Inflation likely unchanged

Annual inflation is expected to have remained at 1.6% in the 12 months ended March but that will be only temporary, with economists picking inflation to creep up to 2% in the next couple of years.

Statistics New Zealand figures due out on Wednesday will be scrutinised for evidence of home-grown inflation pressures as the economy starts to use up its spare capacity.

Westpac senior economist Michael Gordon said there was already a distinct housing-related flavour to the recent increase in annual inflation, which had been strongest in Canterbury but was increasingly spreading to the rest of the country.

The Reserve Bank was well aware domestically generated inflation pressures tended to follow economic upswings with a lag.
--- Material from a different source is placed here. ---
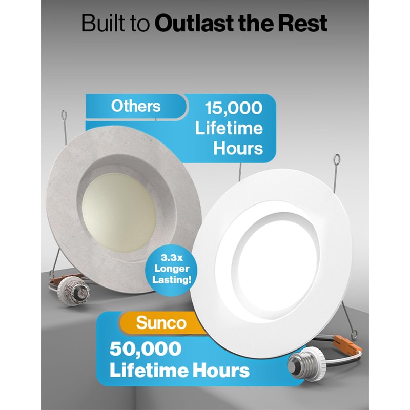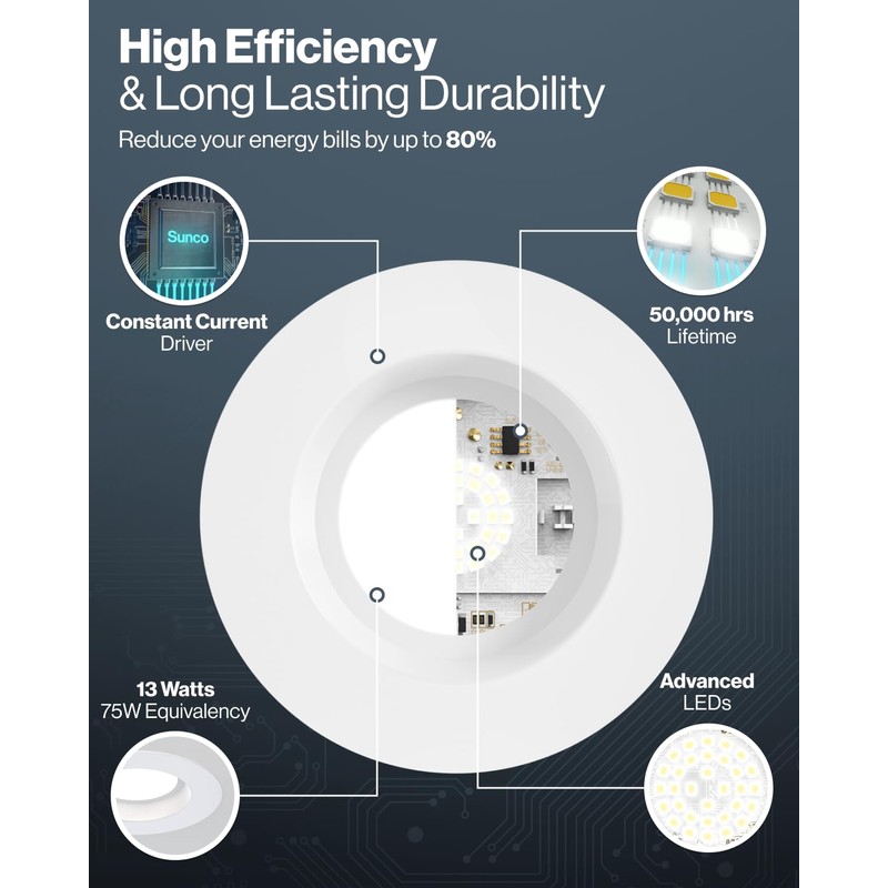 Sunco 12 Pack 6 Inch LED Can Lights, Retrofit Recessed Lighting, Smooth Trim, 965 LM, 13W (75W Equivalent), 4000K Cool White, Dimmable, Damp Rated UL

Once allowed to develop, the home-grown pressures could be difficult to drive out.

Westpac was forecasting quarterly inflation of 0.4%, a ''fairly normal'' seasonal increase that would leave annual inflation at 1.6%.

The quarterly drivers of the consumers price index (CPI), the official measure of inflation, were often idiosyncratic and seasonal.

In March, the major positive contributions were expected to come from another hefty increase in tobacco excise (up 11.3%), annual changes in tertiary education fees, and a seasonal increase in food prices, Mr Gordon said.

Those should be partly offset by seasonal falls in items such as overseas airfares, package holidays, books and stationery.

''We expect to see a further acceleration in prices for the housing-related categories such as new dwellings, rents and property maintenance. Housing construction costs have risen particularly quickly in Canterbury, as have rents, as the post-earthquake rebuild has picked up pace.''

But in the last few quarters, there had been signs of housing-related price pressures starting to seep out into the rest of the country as well and Mr Gordon expected that to continue.

China's inflation rate accelerated to 2.4% year-on-year in March, driven by higher food prices.

The increase in the CPI announced by the National Bureau of Statistics (NBS) on Friday was up from the 2% recorded in February, but marginally below economists' forecasts of 2.5% reported by Dow Jones Newswires.

Food prices rose 4.1% in March from the year before, the NBS said.